23. It is settled possession of law even in cases where title is in dispute, if the plaintiff’s possession is peaceful and protected, an injunction can be granted without a declaration of title. 24. In such circumstance, the First Appellate Court ought to have granted the prayer of the injunction in favour of the plaintiff to protect his possession in respect of the suit schedule property. The other reason of the First Appellate Court is that suit is not maintainable on the ground that no notice has been issued to the defendants cannot be accepted for the simple reason that though the defendants have appeared before the Trial Court after service summons they were not contested the matter except filing the written statement. In such circumstance, I answer the second substantial question of law in favour of the plaintiff. 25. In view of the above discussion, I am of the considered view that, the Trial Court is justified in granting the relief of injunction in favour of the plaintiff and the First Appellate Court is erred in dismissing the suit in total. In that view of the matter, the second appeal is allowed- in-part. The judgment and decree passed by the First Appellate Court is set aside to the extent of dismissing the suit for the relief of permanent injunction.
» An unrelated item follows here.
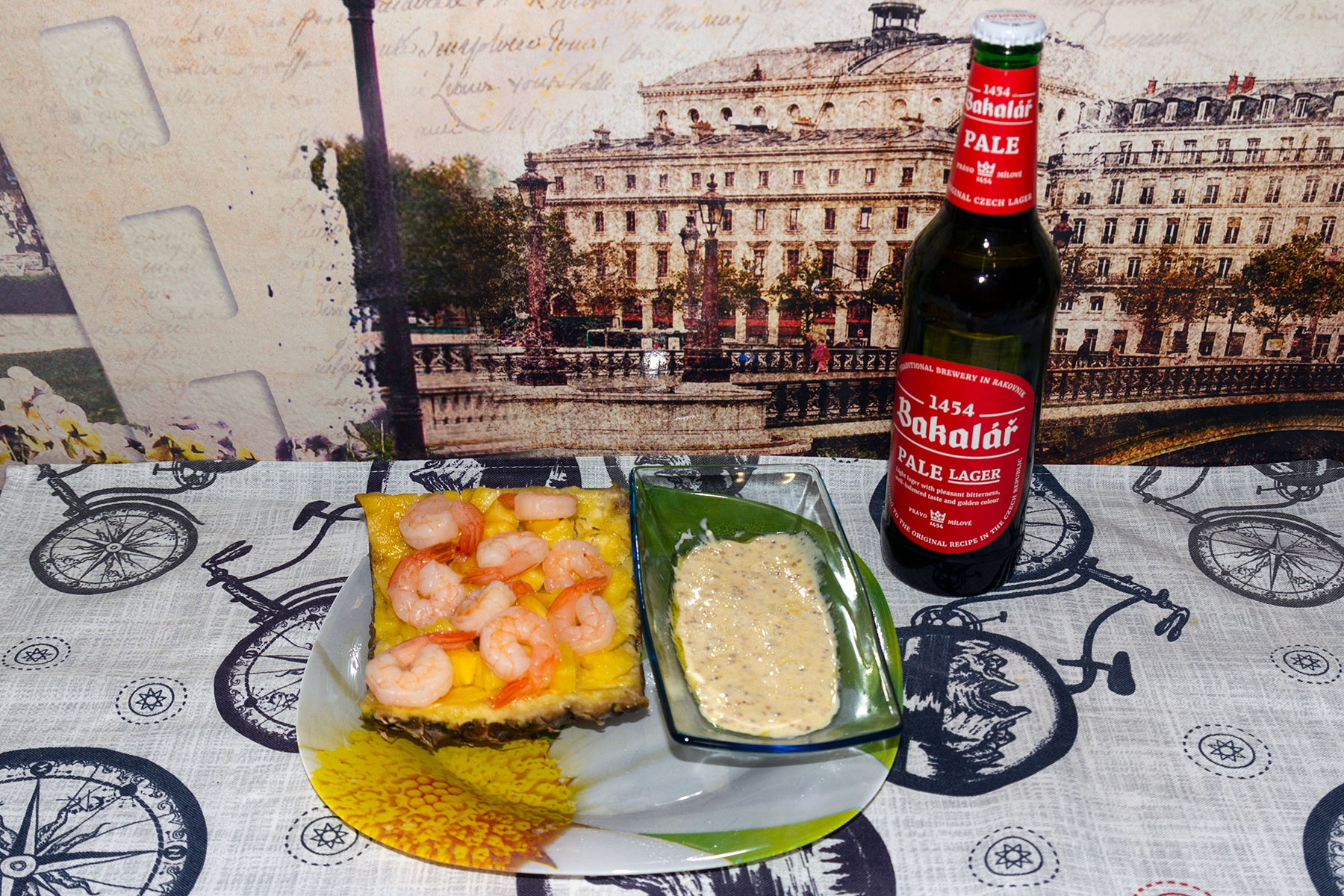 Ананас разрежьте вдоль пополам, мякоть выньте и нарежьте ломтиками. Креветок отварите в подсоленной и подкисленной лимонным соком воде, очистите.

However, the remaining portion of the judgment and decree of the First Appellate Court to an extent of dismissal of the suit of the plaintiff for declaration of ownership in respect of the suit schedule property is affirmed. 26. In view of the same, the defendants, their men, agents, servant and sub-ordinate officials are restrained from interfering in the plaintiff's peaceful possession and enjoyment of the suit schedule property in any manner without due process of law.